In the HV-FEBID experiment on the present precursor, van Dorp et al. [25] suggested that the presence of O₂ in the chamber might be responsible for the formation of OP(CH₃)₃ fragments. Similarly, it may be speculated that non-volatile OP(CH₃)₃ is formed in electron-induced reactions of (CH₃)AuP(CH₃)₃ in the presence of water. This might in part explain the higher amount of phosphor in their experiment as compared to the UHV experiment, but as the oxygen content of the deposits is significantly lower than the phosphor content, this alone cannot account for the observed difference. Notwithstanding the reason for the very different deposit compositions in these experiments, the current UHV study rather supports the conclusion that P(CH₃)₃ is a suitable Au(I) ligand in FEBID precursors, while the HV study points towards the contrary.

4. Conclusions

In the current study, the suitability of (CH₃)AuP(CH₃)₃ as a precursor for gold deposition in FEBID was explored under UHV conditions, and gas-phase DI experiments and quantum chemical calculations were performed to aid the interpretation of the underlying electron-induced reactions. This potential precursor was found to have sufficient volatility and sufficient stability to be practical as an Au precursor in FEBID, and under the current UHV conditions, 31–34 at.% Au content was achieved at 5 keV electron energy. The Au:C compositing of the deposits was close to 1:2 and in good agreement with the average carbon loss per incident observed in the gas-phase DI experiments, where a significant contribution of the neutral counterparts was found to be (CH₃)₂Au. The phosphor, on the other hand, was found to be as good as quantitatively removed in the UHV FEBID experiments, while the average phosphor loss per DI incident in the gas phase was found to be about 0.8. The remaining 0.2 average phosphor per DI incident in the gas, however, could at large be attributed to the loss of the CH₃–Au methyl group and the formation of AuP(CH₃)₂⁺. This reaction channel was clearly not active in the UHV FEBID of (CH₃)AuP(CH₃)₃ on SiO₂.

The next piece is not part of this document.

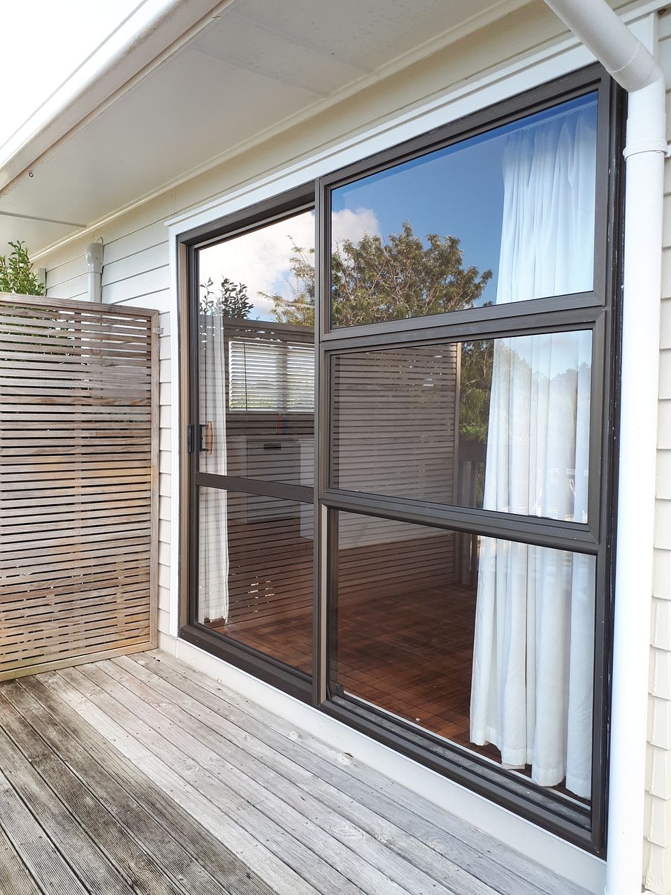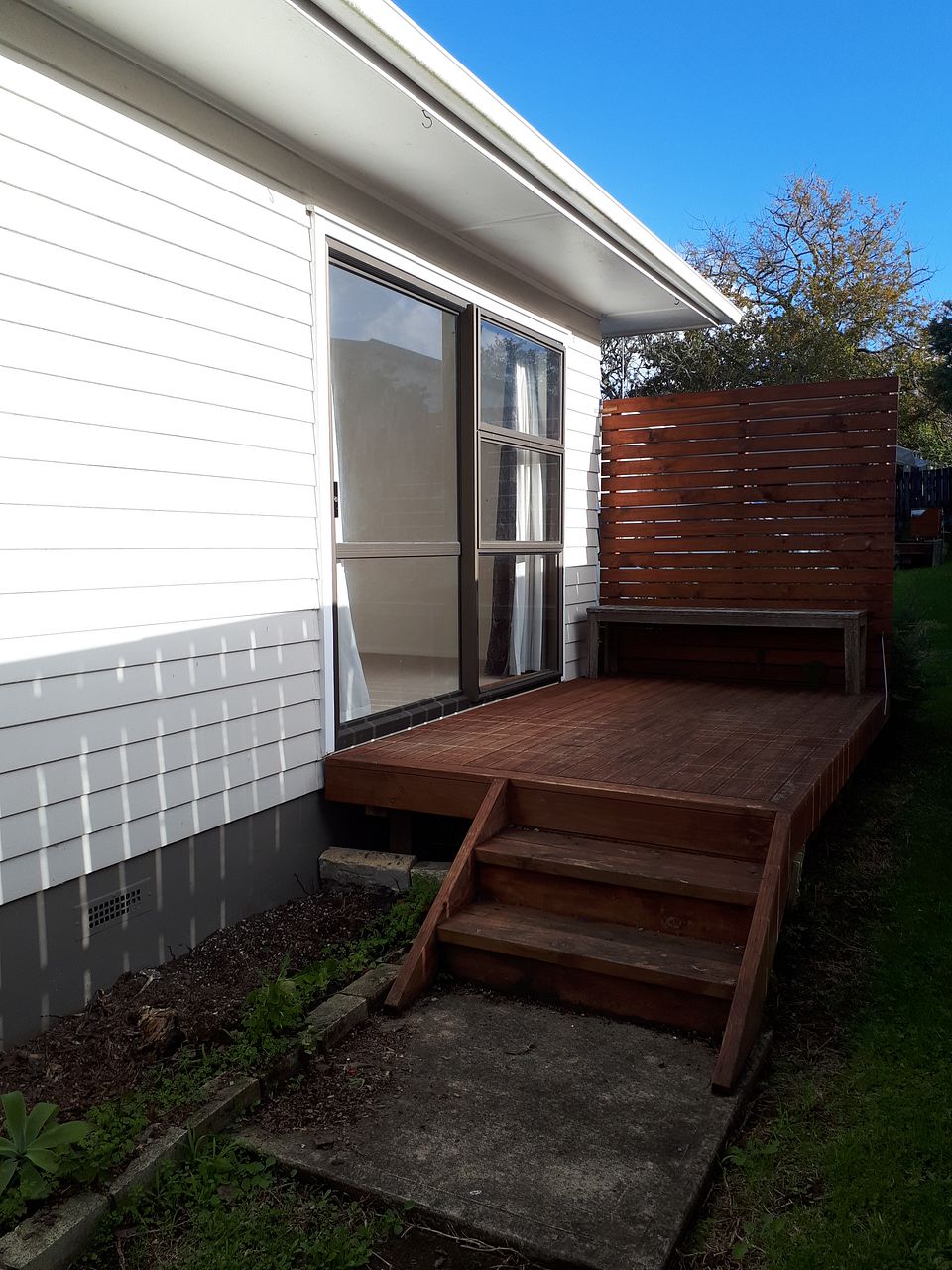 Ranchslider from lounge opens on to a sunny deck. Heat pump in the lounge. The master bedroom has a ranchslider that opens onto a sunny private deck. The other 2 bedrooms are single rooms. All bedrooms have wardrobes. There is a separate linen cupboard.

While the Au:C:P deposit composition in the current UHV FEBID was found to be about 1:2:0, with as good as quantitative removal of the phosphor, a previous HV FEBID study reported an approximate Au:C:P:O composition of 1:2.6:0.6:0.2. The conclusions of these studies contrast with respect to the suitability of trimethylphosphine as Au(I) ligand in FEBID. Potentially, a part of the phosphor content in the HV experiment may be explained through the electron-induced oxidative formation of trimethylphosphine oxide in reactions with surface water or through reactions with residual oxygen in the chamber. However, other significant factors must also play a role. Compositions of deposits formed under UHV and HV are often significantly different, and like in the current case, the reason(s) for these differences are not obvious. Using a systematic comparison of UHV and HV deposition experiments in deciphering the root(s) of these differences may offer a valuable approach to tailoring better-suited precursors and gaining better control of the compositions of the deposits. From a more general perspective, the approach to combine different methods, namely UHV-FEBID, gas-phase DI experiments, and calculations on a quantum mechanical level proved to be powerful and yielded detailed insights into the mechanisms of electron-induced precursor dissociation and the resulting deposition process.